Live models were making a point about how young women are turned into products for the sex trade in this storefront display on Queen Street West in Toronto on Feb. 22. Michael Swan

‘Shoppable Girls’ spreading the word

  • February 28, 2020

What’s a teenage girl worth? About $280,000 per year in income for sex traffickers, according to Covenant House research.

In the run-up to “Human Trafficking Awareness Day” Feb. 22, Covenant House in Toronto mounted a display of girls for sale in a Queen Street West storefront. The shop windows featuring “The Amara, The Ellie, The Maya and The Samantha” were part of a public awareness campaign called “Shoppable Girls.”

“We’re standing here on Queen Street talking about sex trafficking,” said Covenant House anti-human trafficking services manager Julie Neubauer.

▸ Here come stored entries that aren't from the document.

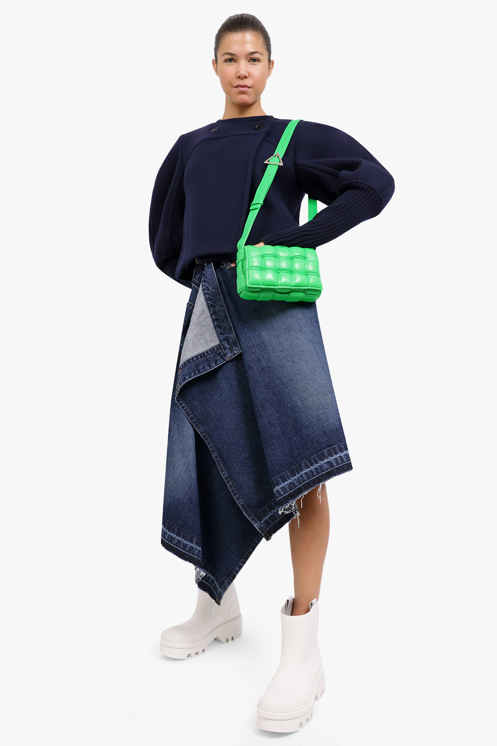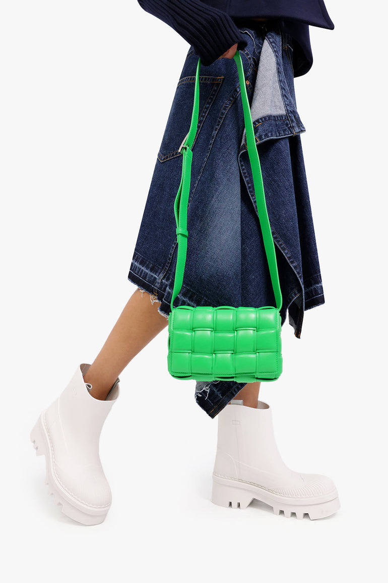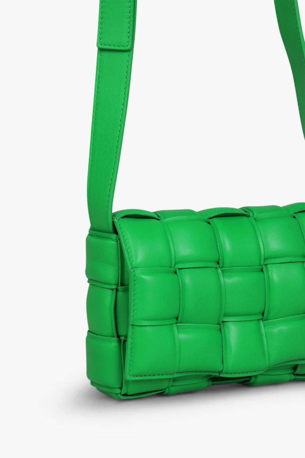 The Bottega Veneta Small Padded Cassette Bag and is the latest mini version of the cult favourite Padded Cassette. This bag is crafted with double-face strips in paper calf leather backed with soft Nappa in a padded weave design. It is designed with a slim adjustable calf strap with signature triangular buckle. It can be worn easily cross body or on the shoulder.
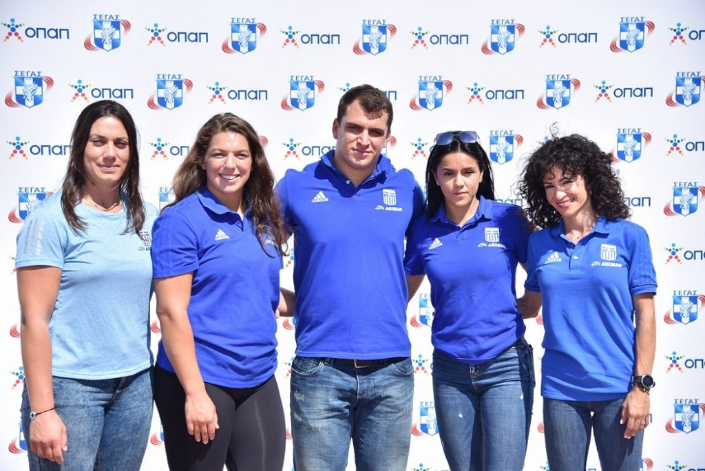 Κρίστυ Αναγνωστοπούλου (Δισκοβόλος), Σταματία Σκαρβέλη (Σφύρα), Πάνος Γαβριήλ (Διευθυντής Εταιρικής Επικοινωνίας ΟΠΑΠ), Βασίλης Σεβαστής (Γενικός Γραμματέας ΣΕΓΑΣ), Μιχάλης Αναστασάκης (Σφύρα), Ραφαέλα Σπανουδάκη (Σπρίντερ 100 μ. και 200 μ.), Γκλόρια Πριβιλέντζιο (Μαραθωνοδρόμος), Γιάννης Κουτσιώρας (Εθνικός Προπονητής ΣΕΓΑΣ)
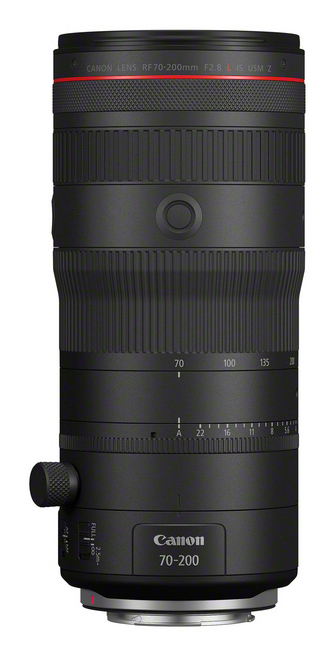 eerder dit jaar werd uitgebracht. In tegenstelling tot de witte RF 70-200mm f/2.8 die in lengte verandert tijdens zoomen, heeft de nieuwe zwarte RF 70-200mm Z interne zoom.

“We’ve got people stopping, taking pictures, people on streetcars who are looking in. We’re generating a lot of chatter about this issue that I think a lot of people still believe doesn’t happen in Canada.”

Supported by marketing consultants Weber Shandwick and advertising agency TAXI, Covenant House designed a campaign that includes a website ( and the social media tag #ShoppableGirls to reach teenage girls and their parents.

People seem unaware that victims come from all social strata, small towns and big cities, according to Covenant House.

Toronto Police Service research shows sex trafficking is about a $1 billion-year industry in Canada and 93 per cent of its victims are Canadian citizens. Nine out of 10 young people trafficked for sex are girls with an average age of 17, but some as young as 13.

Since Covenant House began programming in 2013 aimed specifically at girls leaving the sex trade, it has helped an average of 50 girls a year.

Toronto cops have seen increasing numbers of victims since 2014 as they’ve ratcheted up enforcement, recording a rise in victims from 33 in 2014 to 60 in both 2017 and 2018. In that same span, the number of trafficking charges has increased from 365 to 410.

Neubauer admits she’s unsure whether or not Toronto sex trafficking is getting worse.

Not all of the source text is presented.